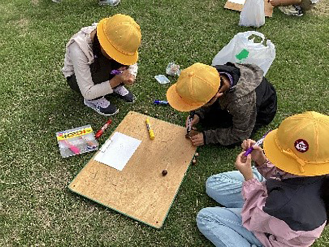 1年生が美濃加茂「文化の森」へ出かけました。どんぐりを拾ったり、落ち葉を集めたりしながら秋を感じることができました。どんぐりごまの作り方を教えてもらい、一人一人が工夫しながら、クルクル回るこまを作ることができました。
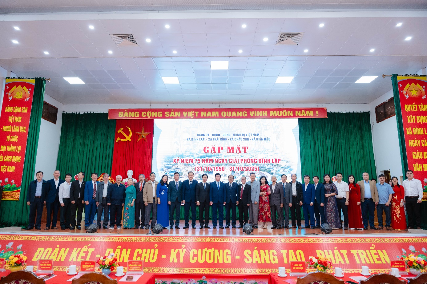 Ngày 25/10/2025, tại Hội trường UBND xã Đình Lập, Đảng uỷ - HĐND - UBND - UB MTTQ Việt Nam xã Đình Lập, xã Thái Bình, xã Châu Sơn, xã Kiên Mộc long trọng tổ chức Chương trình gặp mặt kỷ niệm 75 năm Ngày Giải phóng Đình Lập (31/10/1950 - 31/10/2025).
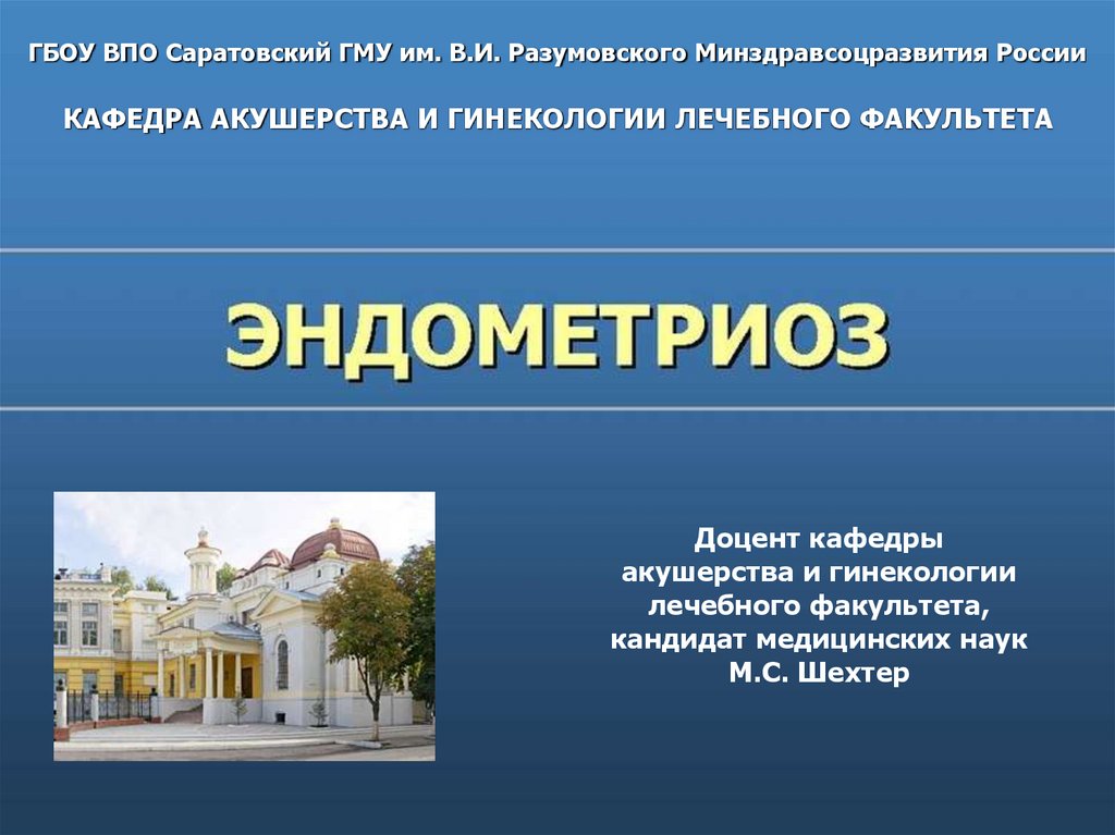 ГБОУ ВПО Саратовский ГМУ им. В.И. Разумовского Минздравсоцразвития РоссииКАФЕДРА АКУШЕРСТВА И ГИНЕКОЛОГИИ ЛЕЧЕБНОГО ФАКУЛЬТЕТА
· · ·
_WHAT IS BEING ASKED:_ Write the material out again exactly as it appears, dropping the pictures.

_OUTPUT FOR THIS TASK:_
 1年生が美濃加茂「文化の森」へ出かけました。どんぐりを拾ったり、落ち葉を集めたりしながら秋を感じることができました。どんぐりごまの作り方を教えてもらい、一人一人が工夫しながら、クルクル回るこまを作ることができました。
 Ngày 25/10/2025, tại Hội trường UBND xã Đình Lập, Đảng uỷ - HĐND - UBND - UB MTTQ Việt Nam xã Đình Lập, xã Thái Bình, xã Châu Sơn, xã Kiên Mộc long trọng tổ chức Chương trình gặp mặt kỷ niệm 75 năm Ngày Giải phóng Đình Lập (31/10/1950 - 31/10/2025).
 ГБОУ ВПО Саратовский ГМУ им. В.И. Разумовского Минздравсоцразвития РоссииКАФЕДРА АКУШЕРСТВА И ГИНЕКОЛОГИИ ЛЕЧЕБНОГО ФАКУЛЬТЕТА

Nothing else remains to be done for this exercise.